Final answer:
The correct gametes from a Pp Yy plant are single allele combinations like PY or yy; Pp or Pp Yy are incorrect. In a PpYY x ppyy dihybrid cross, a 4x4 Punnett square is required to determine the genotypes and phenotypes of the offspring.
Step-by-step explanation:
The student's question about Mendelian genetics pertains to the possible genotypes of gametes. Considering a pea plant with a genotype of Pp Yy, the possible gametes it can produce will contain one allele for each gene. Gametes are haploid, meaning they carry only one allele per gene. Hence, the correct answers would be options that reflect single alleles for each trait, such as PY or yy. Options involving double letters, like Pp or Pp Yy, would be incorrect as they represent a diploid genotype, not haploid.

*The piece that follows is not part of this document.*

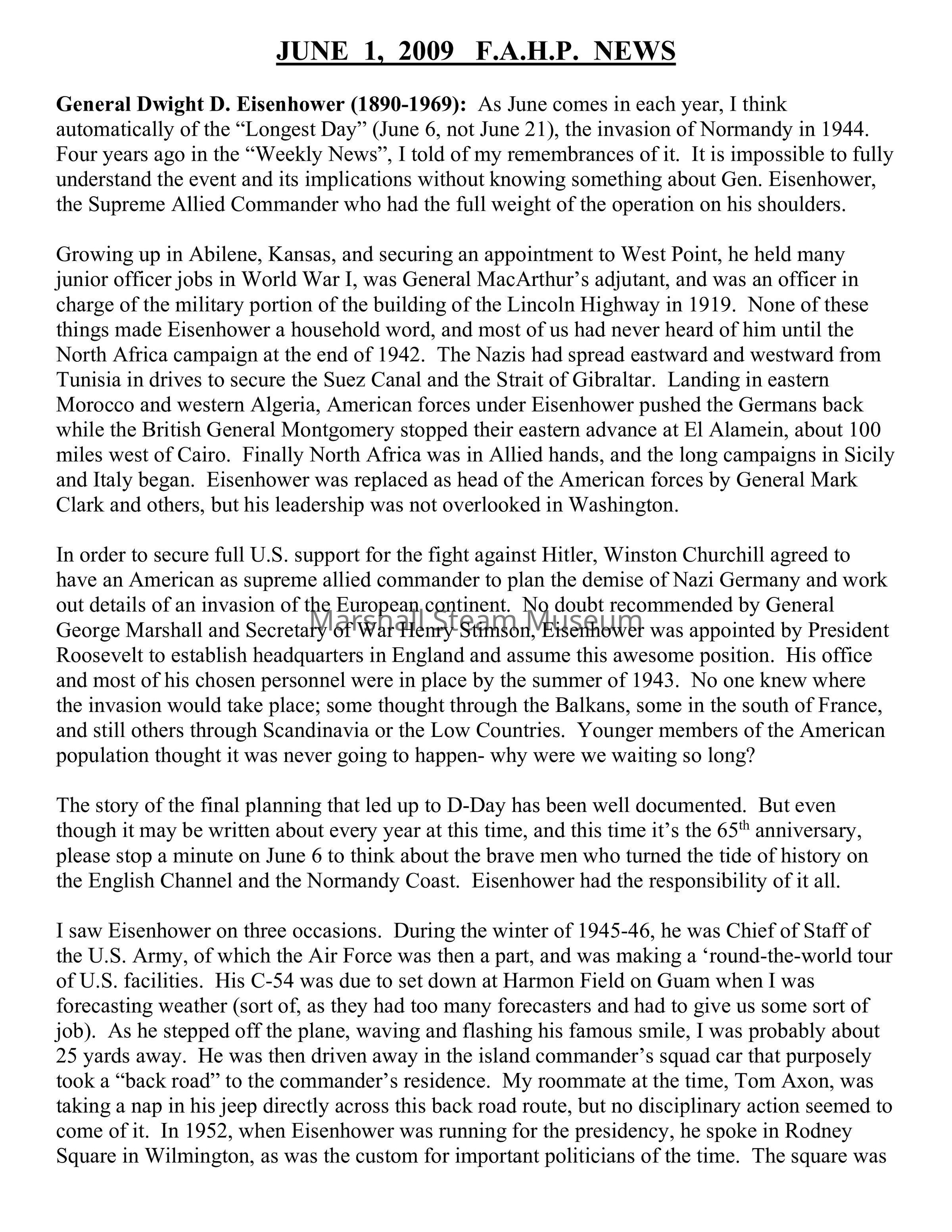 General Dwight D. Eisenhower (1890-1969): As June comes in each year, I think automatically of the “Longest Day” (June 6, not June 21), the invasion of Normandy in 1944. Four years ago in the “Weekly News”, I told of my remembrances of it. It is impossible to fully understand the event and its implications without knowing something about Gen. Eisenhower, the Supreme Allied Commander who had the full weight of the operation on his shoulders.
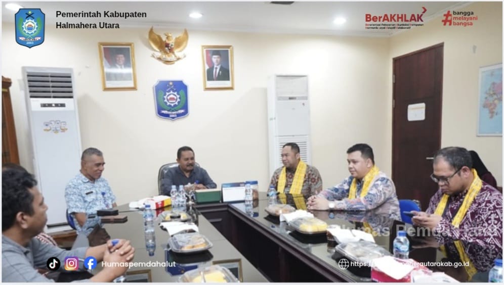DISKOMINFO. Tim dari Ditfas Ekspor Impor Kementerian Perdagangan Republik Indonesia (Kemendag RI) berkunjung ke Halmahera utara. Untuk Validasi Kesiapan Pemda Halmahera Utara dalam penerbitan Surat Keterangan Asal (SKA) atau Certificate of Origin (CoO) bagi barang ekspor Indonesia. Diterima secara resmi oleh Asisten I bidang Pemerintahan F.N Sahetapy, mewakili Bupati, di ruang Meeting VIP Wakil Bupati, Lantai II Kantor Bupati Halmahera Utara (30/1).

In a dihybrid cross between PpYY and ppyY pea plants, we must examine both flower color and pea color genes to determine the possible genotypes and phenotypes of the offspring. Creating a Punnett square, we can visualize all the potential allele combinations. With a dominant allele P for purple flowers and a dominant allele Y for yellow peas, predicted phenotypes can involve purple flowers with yellow peas, among other combinations, based on the specific parent genotypes.
To conduct a Punnett square analysis for this cross, a 4x4 Punnett square is necessary because each parent plant has two heterozygous traits, resulting in four different types of gametes from each parent. This will create 16 squares in the Punnett square for all possible combinations of alleles from both parents.